Macalester seeks to ensure all students receive writing instruction, experience writing as a process, and receive feedback on the mechanics and substance of their writing. To meet our Writing Requirement students will take three courses designated as argumentative writing (WA), writing as craft (WC) or writing as practice (WP). Of the three at least one must be WA and no more than one WP. Incoming First Year Students must take one course designated WA or WC in their first semester.
Check out the list of all the Fall 2017 courses approved to meet the general education (GenEd) requirements in Internationalism, US Identities and Differences, Quantitative Thinking and Writing.
In order to graduate from Macalester all students must demonstrate proficiency in a language other than English equivalent to four semesters worth of college level instruction in that language. This level of proficiency enables students to meaningfully engage both the language itself as well as the cultures connected to it. Most students meet this requirement by completing Intermediate II in their chosen language at Macalester. Students who receive college credit for Intermediate II through a qualifying score on the AP exam, or take Intermediate II at another college and receive transfer credit, or earn a qualifying score on the SAT II exam (620 with listening or 700 without listening) will have this requirement marked as met once we receive the official scores or transcripts.

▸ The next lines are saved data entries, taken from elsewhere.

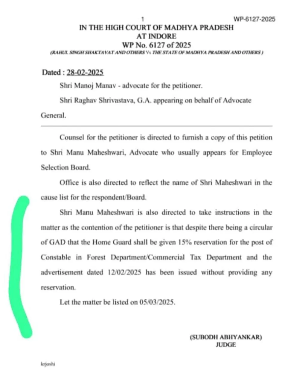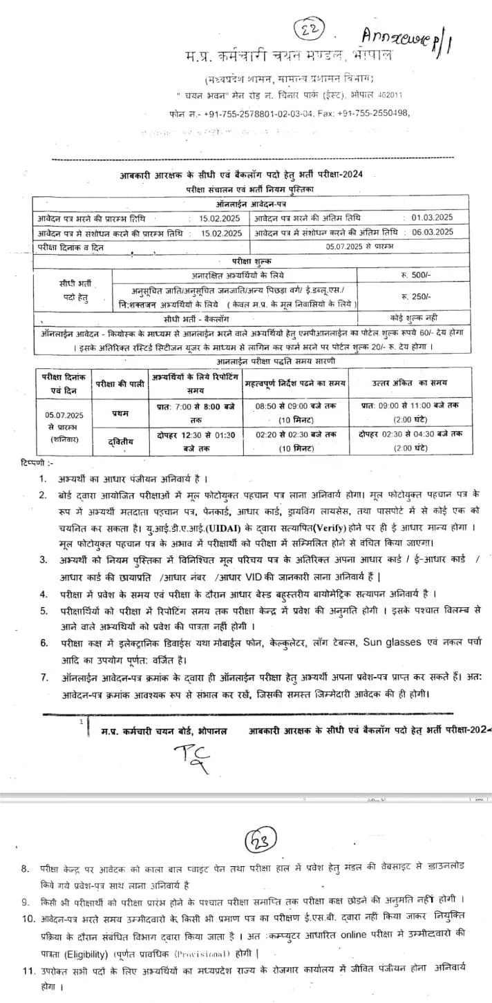 आबकारी आरक्षक के कुल 253 पदों के लिए फरवरी 2025 में विज्ञापन जारी हुआ था। इसके बाद ही इस पर इंदौर हाईकोर्ट में 8 होमगार्ड स्वयंसेवी नगर सैनिकों के जरिए याचिका दायर कर दी गई थी।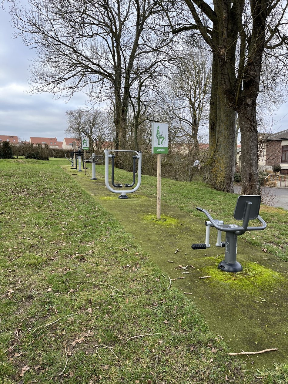 Un parcours d'agrès en libre service, les enfants doivent être accompagnés. Les agrès, rappelons-le, sont des appareils, ou des plateformes, que les athlètes utilisent afin de réaliser des mouvements.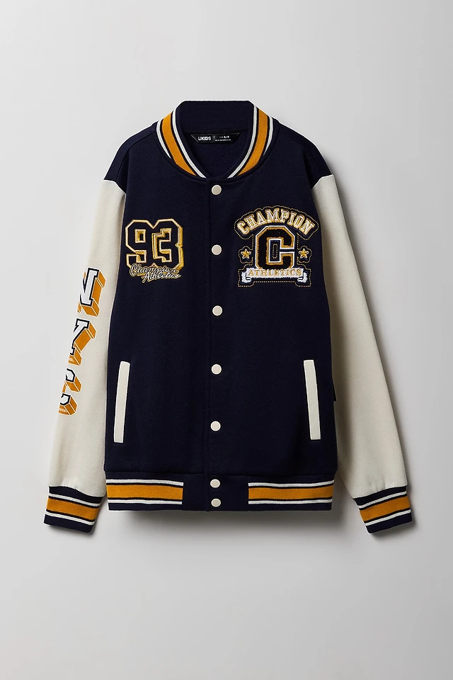 Boys Chenille Embroidered Fleece Varsity Jacket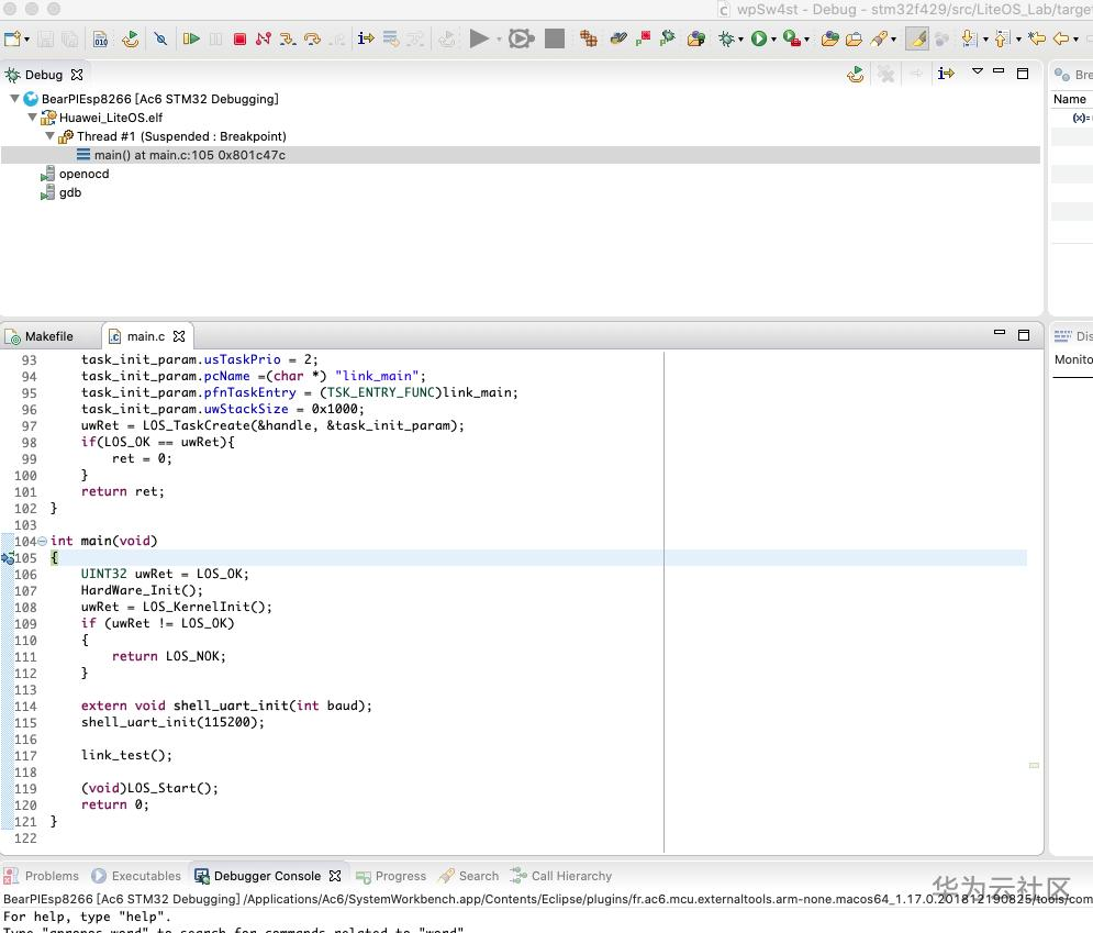 点击apply并debug,可以看到烧录完毕并进入调试界面。

Students whose native language is not English should submit appropriate documentation to Academic Programs and Advising to have their proficiency in reading, writing, listening and speaking in more than one language verified. The most common means of demonstrating proficiency is a transcript from high school that indicates the language of instruction in the student’s secondary school was a language other than English or that the student took courses in his or her native language as well as in English. Students who do not have such documentation should contact Academic Programs and Advising once on campus to discuss other options for demonstrating multilingual proficiency.
Students who have met our four semester proficiency requirement are welcome to take advanced level courses in that language or to pursue a new language at the appropriate level based on their preparation. Learn more about the World Languages Macalester offers.
Students who have previously studied another language have several options for determining placement.
Students who have a college level course in the language are free to register for the next course in the sequence.
Those who have taken a qualifying exam (i.e., SAT, AP, IB) may submit test scores to determine where in the language sequence they should begin.
Students who have not taken these exams, but will continue studying a language they pursued in high school, should place themselves in the course they feel is appropriate given their experience, course work, ability and the guidelines provided by the corresponding language department.
Students without college credit who wish to continue in the study of French, German or Spanish are required to take an online placement test, offered through a program called WebCape. The test is offered free of charge and will help students decide which course to take.
Instructions for taking the WebCape exam are as follows:
Enter the password: learninglanguages17 (all lower case)
Select the appropriate language.
Follow the instructions on screen. (For your ID number, use your student ID number, if known. If not, use 5551.)
The test takes approximately 15-20 minutes. At the end of the test the main screen appears indicating your score and the corresponding course to take.
The purpose of this test is to help you decide what level of language course to register for with a degree of confidence you will complete the course successfully. Accordingly, we require you take this test closed-book, with no assistance from others.
Students who have studied Japanese or Chinese in high school are invited to take a placement test during orientation to confirm which course is most appropriate. The placement test will be on Friday, September 1, 8:00 a.m.